Further to last month’s introductory bit on Radical Atheism, the rubbish new secular belief system we recently made up – a post on Radical Atheism and human suffering.
There’s probably not a god. Life has no big, grand, capitalise-able ‘Meaning’. It’s just physics and biology. Humans are just sacks of chemical reactions. But there’s still right and wrong. And it’s intimately linked to our millennia-spanning pedigree as social animals.
It’s bad to hurt others. It’s good to help others. And it’s bad not to help others when you can help others. Without those basic moral precepts, humanity wouldn’t have survived anywhere near this long. For prehistoric hunter-gatherer societies, hyper-individualism wasn’t an option. You helped each other out, played fairly, shared the spoils equally. Or you died. For 90% of human history, nearly two hundred thousand years, that’s how we lived – millions of years if you count the earlier hominids we evolved from. And it was that social, co-operative lifestyle that the species uniquely adapted to suit. It fundamentally shaped what we are, and what humans need to life emotionally healthy, fulfilling lives.
Radical Atheism is about taking that basic morality – and the implications of atheism more generally – to radical conclusions. If it’s got a central, overriding belief, it’s this: that in an incalculably vast, godless, meaningless universe, the only thing left that really matters is human suffering.

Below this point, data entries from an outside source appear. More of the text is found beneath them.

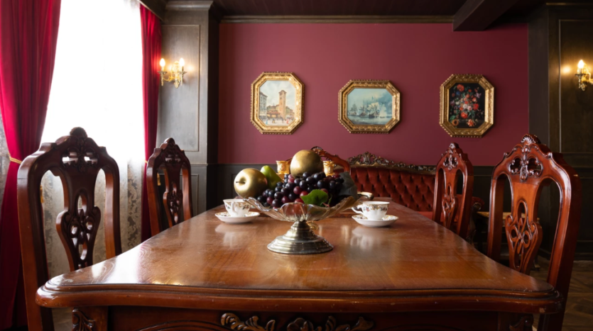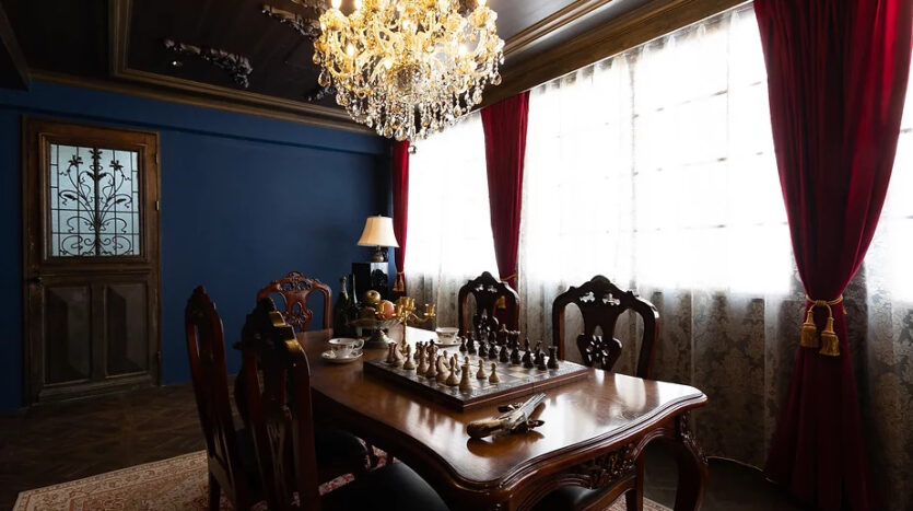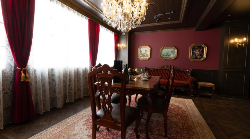 アンティークエリアは窓から自然光が差し込む空間で、きらびやかなシャンデリアがテーブルを照らす華やかな演出が特徴です。
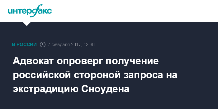 Москва. 7 февраля. INTERFAX.RU - Российская сторона не получала документов об экстрадиции экс-сотрудника ЦРУ Эдварда Сноудена, ему до сих пор не предъявлено обвинение, сообщил адвокат Анатолий Кучерена.
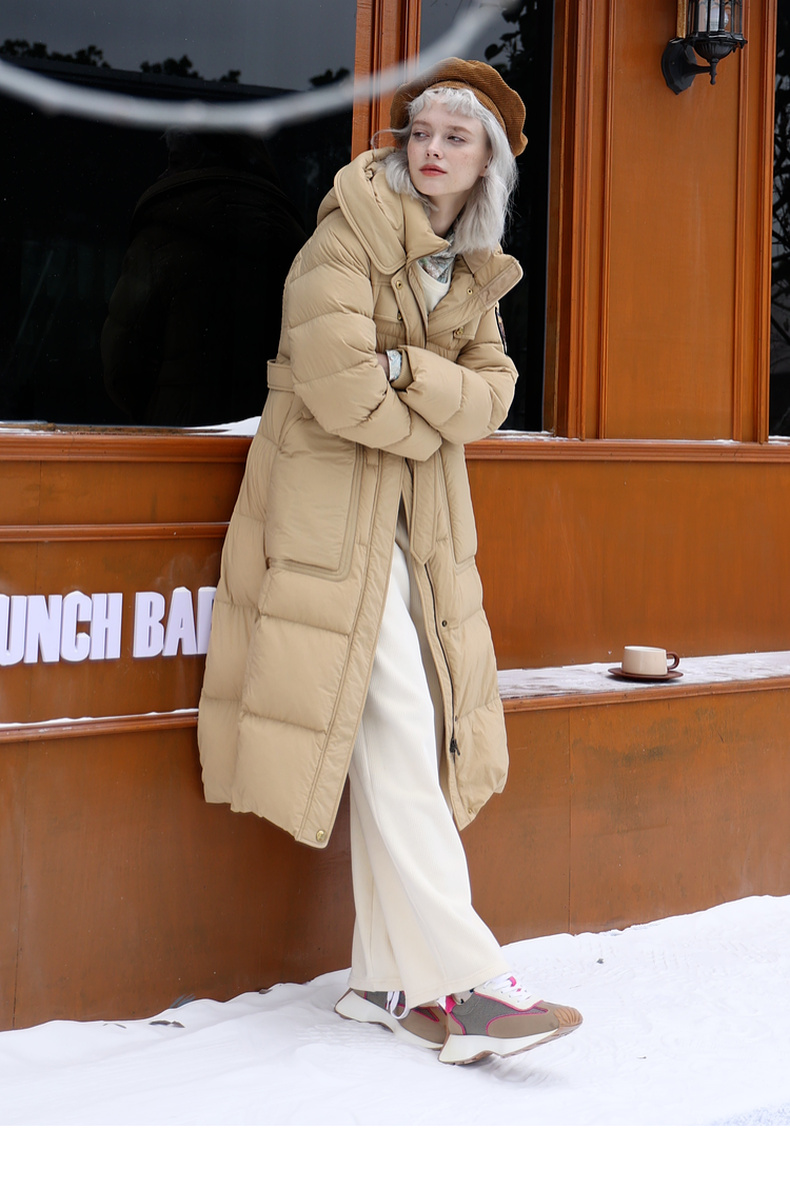 谜底超长款羽绒服女2023冬季新品时尚修身加厚保暖鸭绒234MY1482
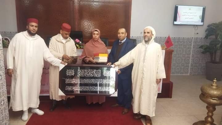 و في الاخير تم توزيع هدايا رمزية وشواهد تقديرية على المحتفى بهن ، تحفيزا لهن وتقديرا لجهودهن ، وفي ختام هذا الحفل رفع الحاضرون أكف الضراعة بالدعاء الصالح لأمير المؤمنين ، جلالة الملك محمد السادس ، وولي عهده ، ولكافة أفراد الأسرة الملكية الشريفة .
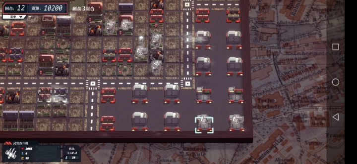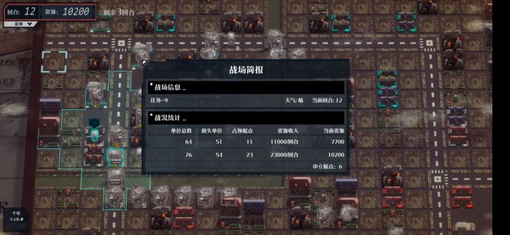 游戏挺不错的,感觉发展空间还是挺大的,比如皮肤啦,或者更进一步出个和即时战略游戏“机械化战争(不记得具体名字了,关键词:机器人,挖坑,碎片组件回收)”类似的兵种组件系统,允许自定义兵种,不过它那个其实就是选择上半部分和下半部分。连“教学”5~6想无损都有点费神,以后有成就系统的话可以考虑下这方面。左上角点击差信息有点费劲,可以把“作战目标”改成按住“回合”显示,“作战简报”则是按住“资源”。战

In a world excellently equipped to wipe it out, suffering exists everywhere. We live in a state of organised, self-rationalising insanity. Millions starve to death every year on a planet where half of all the food produced is thrown away. Europe’s annual ice cream expenditure would be enough to end extreme poverty. Millionaires exist in a world where billions live on less than a couple of pounds a day. In the richest countries on earth, hundreds of thousands sleep on the streets. Tens of millions give up vast chunks of their one go at being alive to work, too hard, for barely enough to scrape by on, for faceless corporations that don’t care they exist. We eat, buy, and burn too much to try and make ourselves feel a bit better about it all. But ultimately, it’s profoundly, inexpressibly wrong.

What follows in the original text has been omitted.